Your management team needs to be educated on how Scrum works, and to modify its key performance indicators to be outcome-based rather than effort-based. Its current approach to metrics is not only an agile anti-pattern, but is actively harming the Scrum Team's adoption of the framework.

Analysis and Recommendations

Problems with Planned Work

What about a Scrum Team that agrees to start a new Sprint with 20 tickets...but right after starting the Sprint the team learns that one ticket is infeasible...during the current Sprint.

There are at least three key problems here:

  1. The Scrum Team commits to a Sprint Goal, not to completing a bunch of (potentially unrelated) tickets.

    CodeGnome's Scrum Tautology℠ says:

    Always remember that the goal of a Sprint isn't to complete lots of backlog items. The goal of a Sprint is to deliver the Sprint Goal.

  2. The Scrum Team can adjust the scope of the Sprint with the cooperation of the Product Owner, but only if it doesn't jeopardize the Sprint Goal.

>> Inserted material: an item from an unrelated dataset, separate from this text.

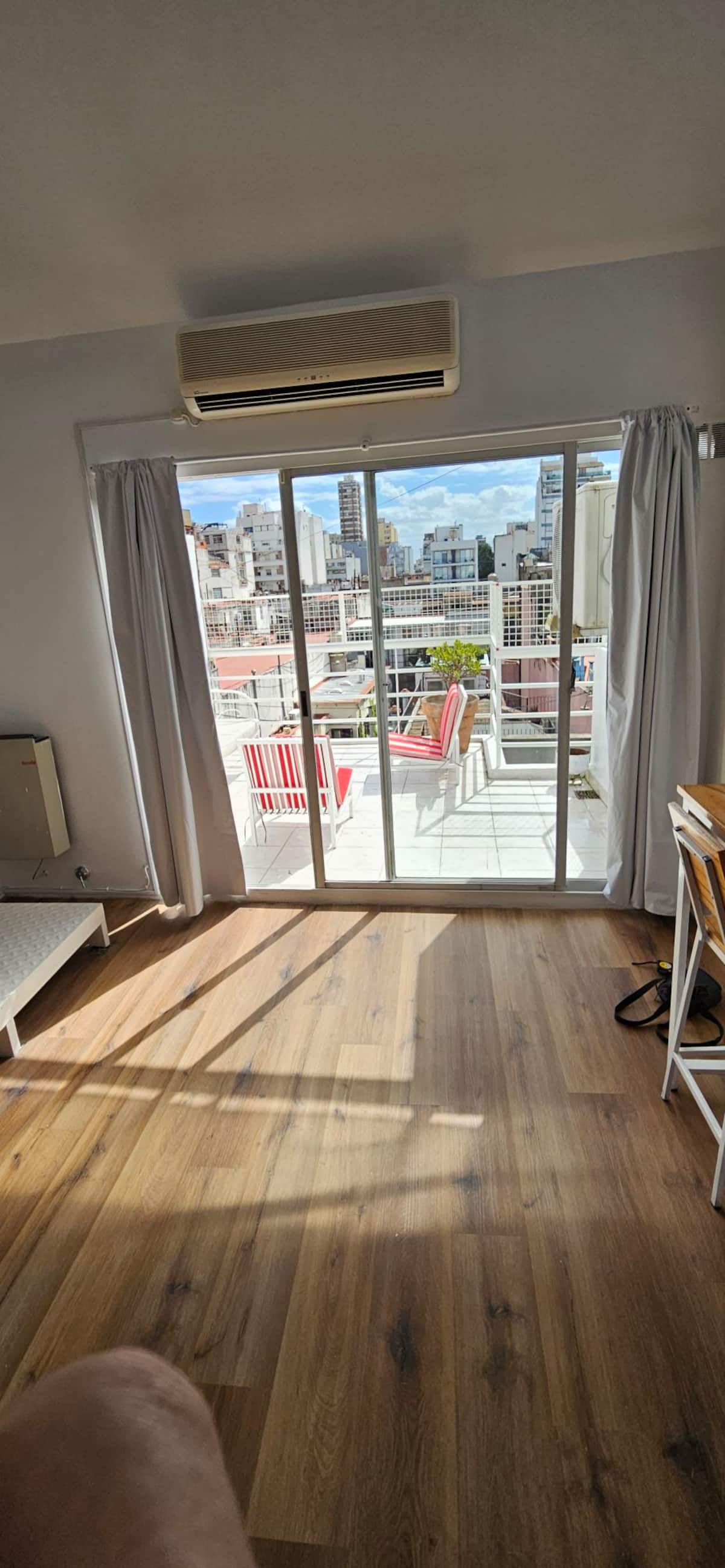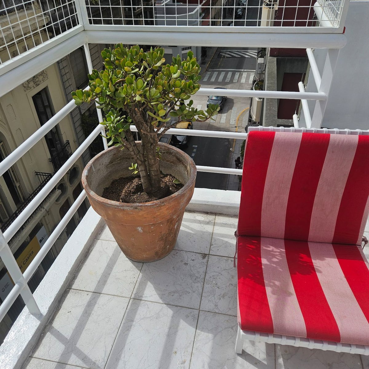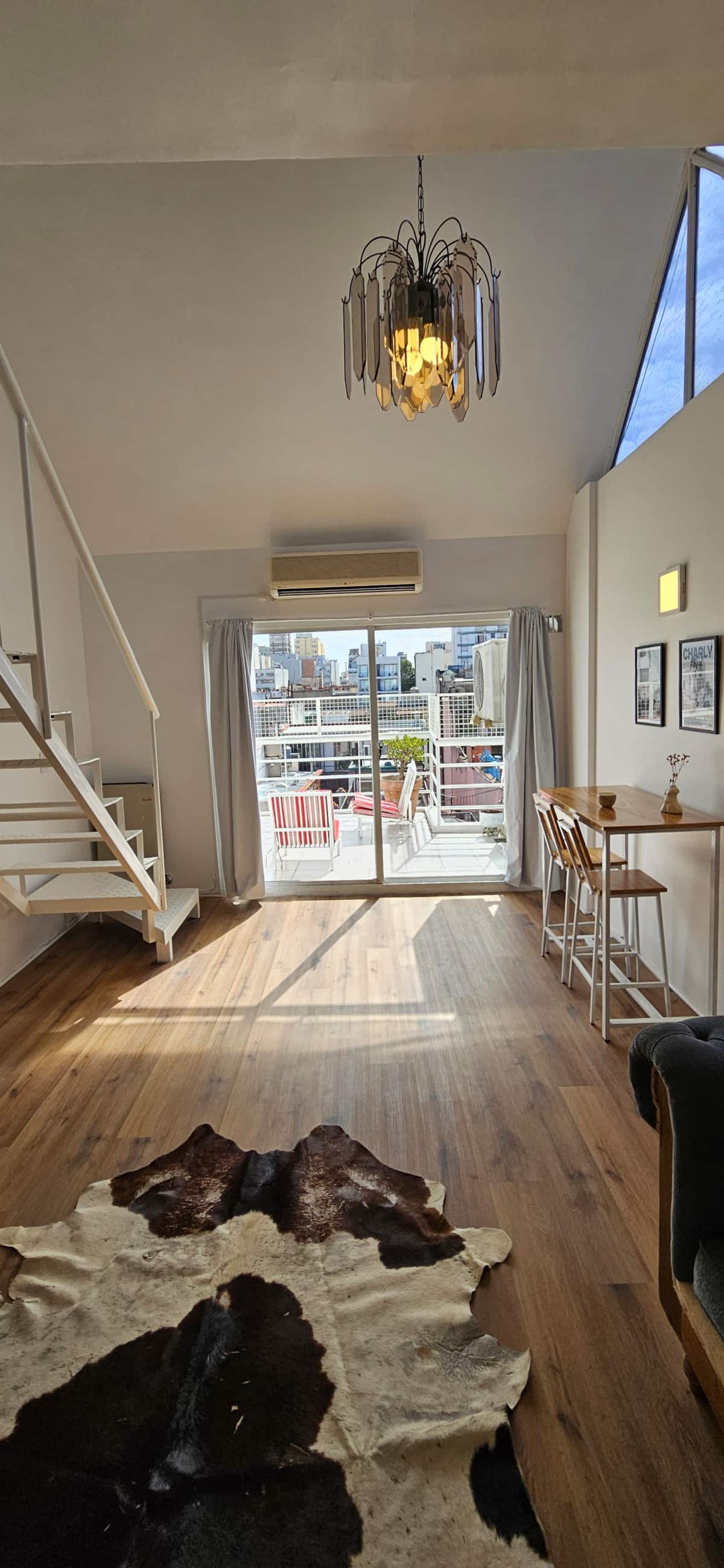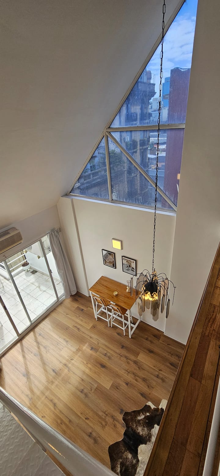 Apartamento em San Telmo com 1 quarto e terraço na varanda. Fica no último andar. A descrição menciona vista.

    If removing the item from the Sprint Backlog would make the Sprint Goal obsolete or incomplete per the Definition of Done, then it can't be removed without a return to Sprint Planning.

  3. If the Developers have a Sprint Backlog item that isn't essential to the Sprint Goal or the Developers' plan for delivering it, then it doesn't belong in the Sprint in the first place.

    The Scrum Guide requires that the work selected from the Product Backlog form a singular, cohesive goal for the increment the Scrum Team will deliver by the end of the Sprint. While it's natural to have architectural runway, chores, in-Sprint bugs, or other items crop up during a Sprint and end up on the Sprint Backlog, the Developers should not be committing to work that isn't related to the Sprint Goal or necessary to deliver the planned Increment.

Problems with What's Being Committed, and to Whom

The team announces it to stakeholders and everyone is happy[.]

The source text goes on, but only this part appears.